# Work to complete:
The answer should be the records below, word for word, with every image left out.

# Materials provided:
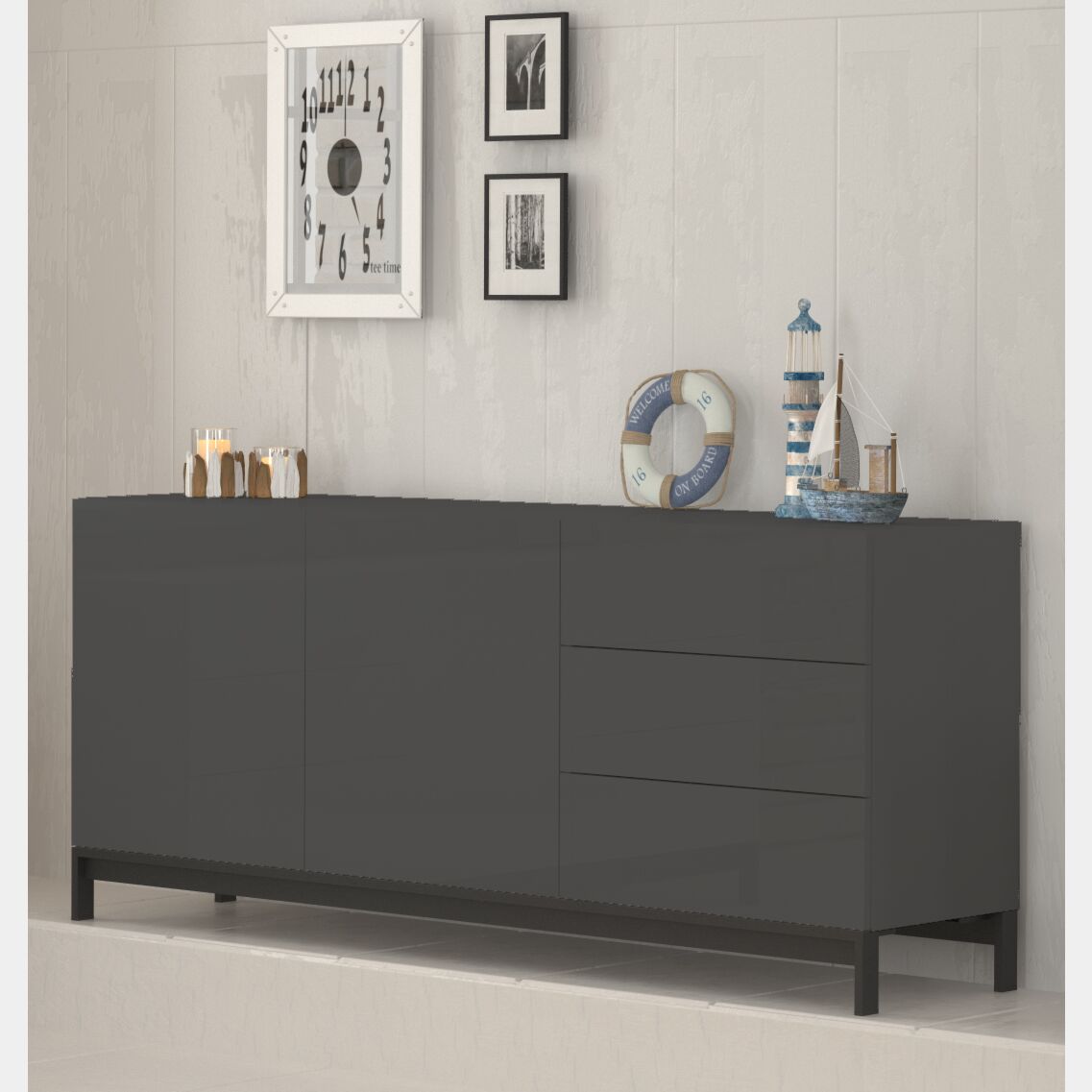 Madia moderna, 3 cassetti 2 ante in finitura antracite lucido
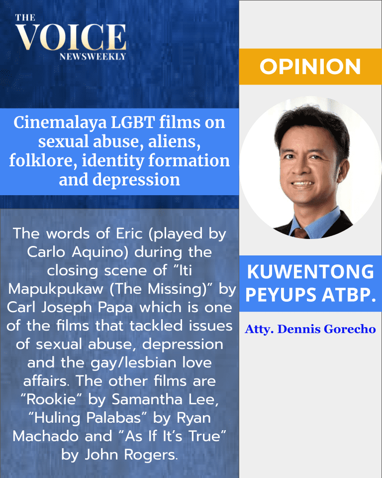 The words of Eric (played by Carlo Aquino) during the closing scene of “Iti Mapukpukaw (The Missing)” by Carl Joseph Papa which is one of the films that tackled issues of sexual abuse, depression and the gay/lesbian love affairs. The other films are “Rookie” by Samantha Lee, “Huling Palabas” by Ryan Machado and “As If It’s True” by John Rogers.
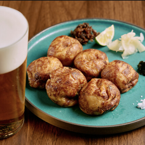 豊洲市場直送の国産の蛸を使用しております。全て店内で一つ一つ大ぶりにカットし、和食的アプローチの調理法を独自に編み出し蛸本来の旨味を閉じ込めるように丁寧に焼いております。今までにない極上のたこ焼きでございます。追加オーダーは、1個から承ります。焼き上がりにお時間を頂戴する時がございます。
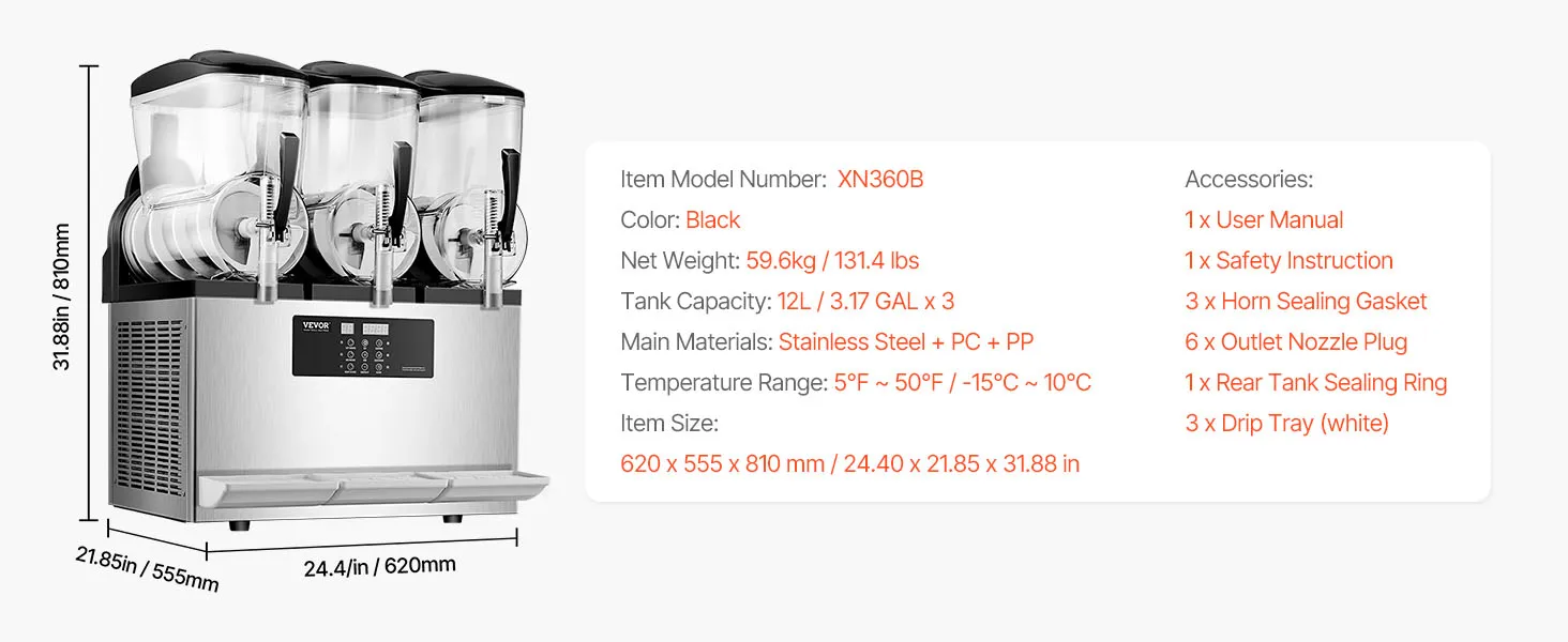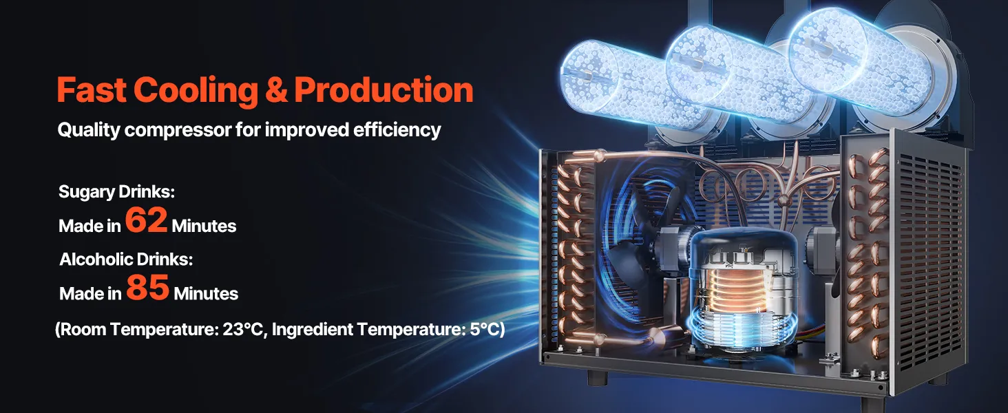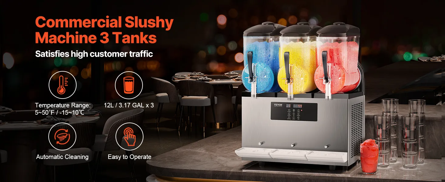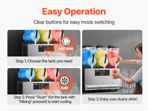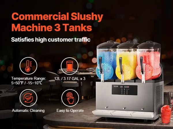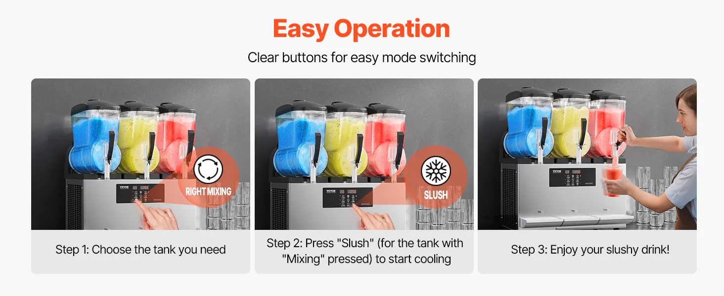 3 tanks met onafhankelijke instellingen: Met drie tanks met een capaciteit van 12 liter kan deze slushmachine ongeveer 144 kopjes slushdranken per batch maken. Je kunt elke tank afzonderlijk gebruiken. Het vereist minder vaak bijvullen, waardoor het perfect is voor commercieel gebruik met veel verkeer.
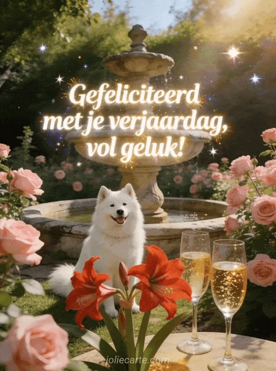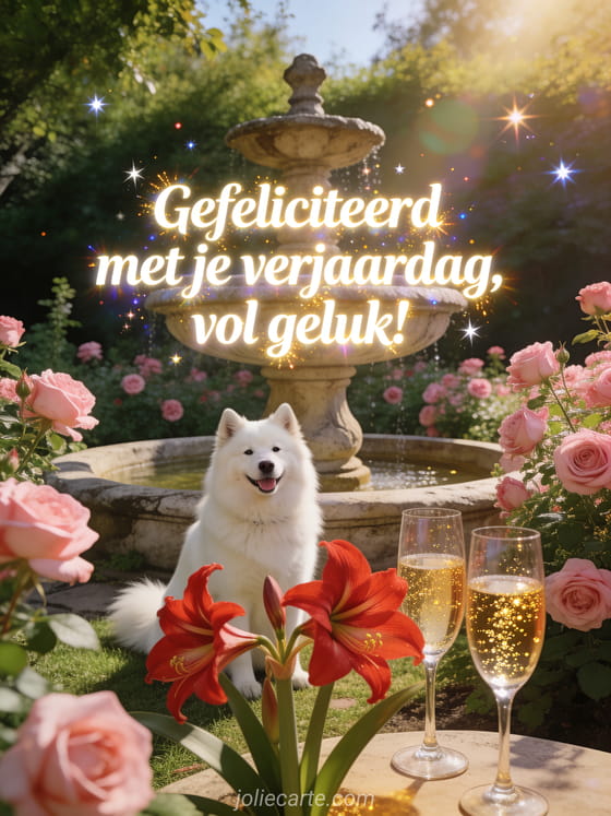 Vier met een stralende verjaardagskaart met lachende witte samojeed, oude fontein, verse rozen, rode amaryllis en sprankelende champagneglazen. Bekijk ook we wensen je een fijne verjaardag, gefeliciteerd met je verjaardag schattige kat en gefeliciteerd met je verjaardag gif gratis.
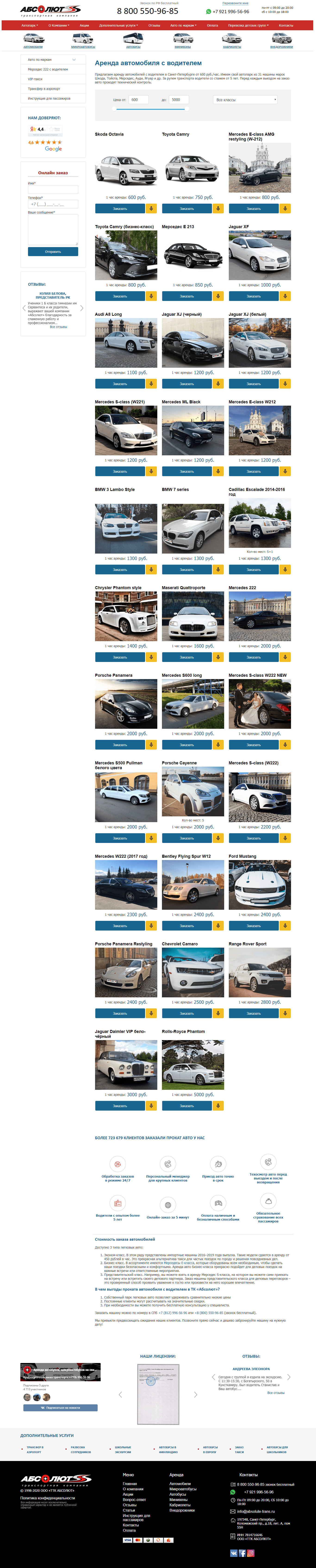 Оптимизация, копирайтинг, управление репутацией и ведение контекстной рекламы для сайта по аренде авто с водителем в Санкт-Петербурге.

# Your response:
 Madia moderna, 3 cassetti 2 ante in finitura antracite lucido
 The words of Eric (played by Carlo Aquino) during the closing scene of “Iti Mapukpukaw (The Missing)” by Carl Joseph Papa which is one of the films that tackled issues of sexual abuse, depression and the gay/lesbian love affairs. The other films are “Rookie” by Samantha Lee, “Huling Palabas” by Ryan Machado and “As If It’s True” by John Rogers.
 豊洲市場直送の国産の蛸を使用しております。全て店内で一つ一つ大ぶりにカットし、和食的アプローチの調理法を独自に編み出し蛸本来の旨味を閉じ込めるように丁寧に焼いております。今までにない極上のたこ焼きでございます。追加オーダーは、1個から承ります。焼き上がりにお時間を頂戴する時がございます。
 3 tanks met onafhankelijke instellingen: Met drie tanks met een capaciteit van 12 liter kan deze slushmachine ongeveer 144 kopjes slushdranken per batch maken. Je kunt elke tank afzonderlijk gebruiken. Het vereist minder vaak bijvullen, waardoor het perfect is voor commercieel gebruik met veel verkeer.
 Vier met een stralende verjaardagskaart met lachende witte samojeed, oude fontein, verse rozen, rode amaryllis en sprankelende champagneglazen. Bekijk ook we wensen je een fijne verjaardag, gefeliciteerd met je verjaardag schattige kat en gefeliciteerd met je verjaardag gif gratis.
 Оптимизация, копирайтинг, управление репутацией и ведение контекстной рекламы для сайта по аренде авто с водителем в Санкт-Петербурге.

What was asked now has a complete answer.